History has been full of trouble makers (e.g., Galileo, Martin Luther King Jr, Rosa Parks, Charlie Perkins) who dared to go against popular opinion. In Aboriginal affairs we know who the TMs are. I don’t need to name them, but if they are Aboriginal, they are regularly called ‘sellouts’ or ‘uncle Toms’ or ‘coconuts’ by other (mostly) ‘Aboriginal’ people, who surprisingly, after using such slanderous terms, have no hesitation in calling themselves ‘Aboriginal.’ Interestingly, while these Aboriginal critics (a polite term I’ll use for now) are constantly on the lookout for racism amongst white Australia, they have no hesitation in slandering other Aboriginal people. They are hypocrites!

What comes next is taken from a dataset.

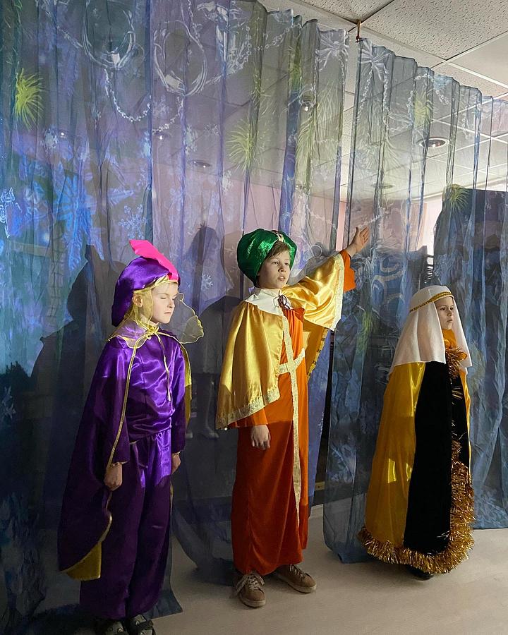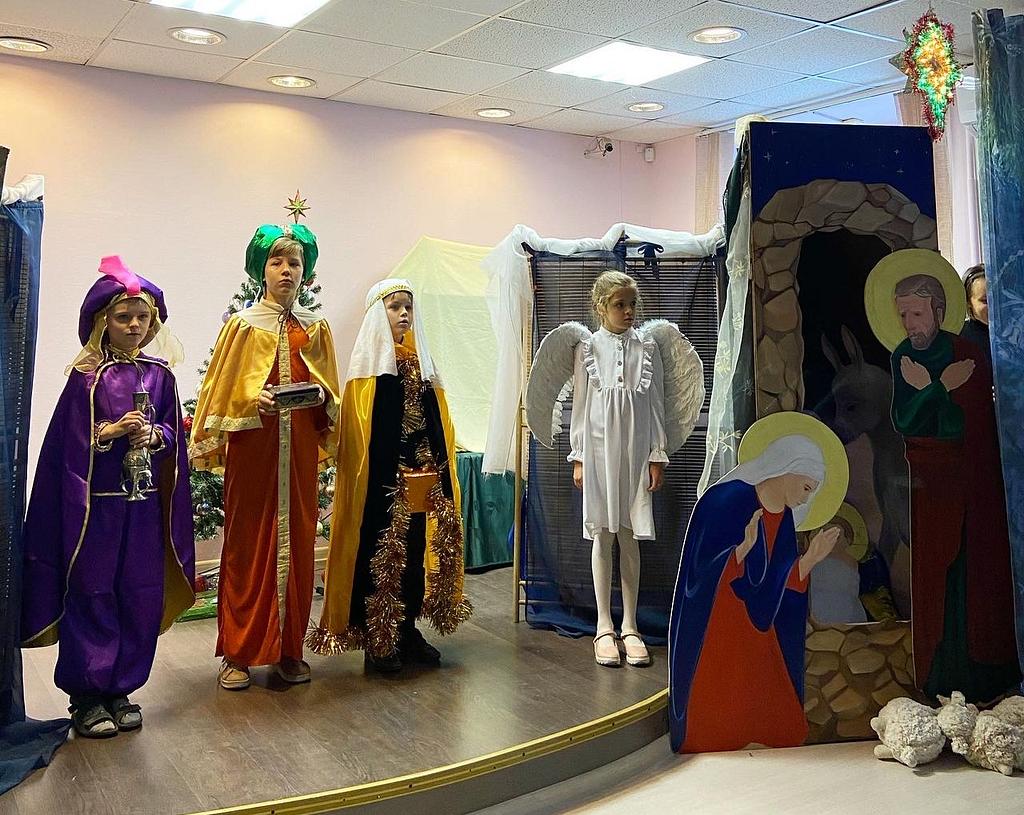 Учащиеся подготовили спектакль, сценарий которого традиционно ежегодно пишется для детей нашего храма певчей и ответственной за молодёжное служение на приходе Марией Шуваловой. Сказочные истории каждый год разные, и они настолько интересные, что дети просят родителей читать их им на ночь.

I refer to these critics with the usual terms I have used in the past – whinja ninjas, blacktivists, or the convenient collective term of ‘victim brigade members’ (VBMs). I recently read where one of these VBMs referred to a young Aboriginal woman as an ‘assimilated Aboriginal.’ Of course no justification was given for the use of the term (there never is). And what was this Aboriginal woman’s ‘crime’? After a lifetime of seeing Aboriginal people abused and killed by ‘their own’ she wants to draw attention to it so it can be addressed (thanks Jacinta). I suppose this particular VBM felt she could use the term ‘assimilated Aboriginal’ as she was recognized as an ‘elder’ – a term much like ‘Aboriginal’ in the sense that it has become very elastic and stretched into something new that it was never meant to be. And I suspect that she is recognised as an elder only by fellow VBMs. When these slanderous terms are used on the TMs, it is simply the VBM’s way of saying “What you say is an inconvenient truth and I don’t want to hear it.”
The VBMs need the TMs. For without them, they would have to face the very real problems facing Aboriginal people like violence and child abuse. It is so much easier to shout ‘coconut’ to any Aboriginal person who is trying to make a difference than to actually do something that helps Aboriginal people in any meaningful way. And if they are not attacking the TMs, they are focusing on trivial issues like ‘sovereignty.’
I will finish by saying what I have said many times before: In addressing the wellbeing of Aboriginal people, I want to see issues like housing, health, education, employment, and safety prioritised. This means seeing energy directed into activities, services, and policies that result in Aboriginal people having access to fresh nutritious food each day in a safe and clean environment free of violence, where the children are in schools getting a world-class education, and adults are working in meaningful jobs. To achieve these changes, we need more TMs to keep the important issues on the agenda.
Final Comment
Now not everyone who makes trouble (that is, receives harsh criticism) is doing the right thing. But far too often, people who are trying to make a difference by focusing on the real problems (and not the emu-$hit distractions like Australia Day, banning golliwogs, forcing an acknowledgement of history/invasion, looking for racism under every gum leaf) are wrongly and severely criticised.
There is a constant cry of “we need more Aboriginal people in politics.” Well we already have a few, and that’s a good start. But given the nasty and slanderous criticisms these people get, I am surprised that we have as many Aboriginal politicians as we do. This I have written about before. The continued unjust attacks on the Aboriginal TMs, is likely to deter fine Aboriginal people from entering into politics and other positions of influence.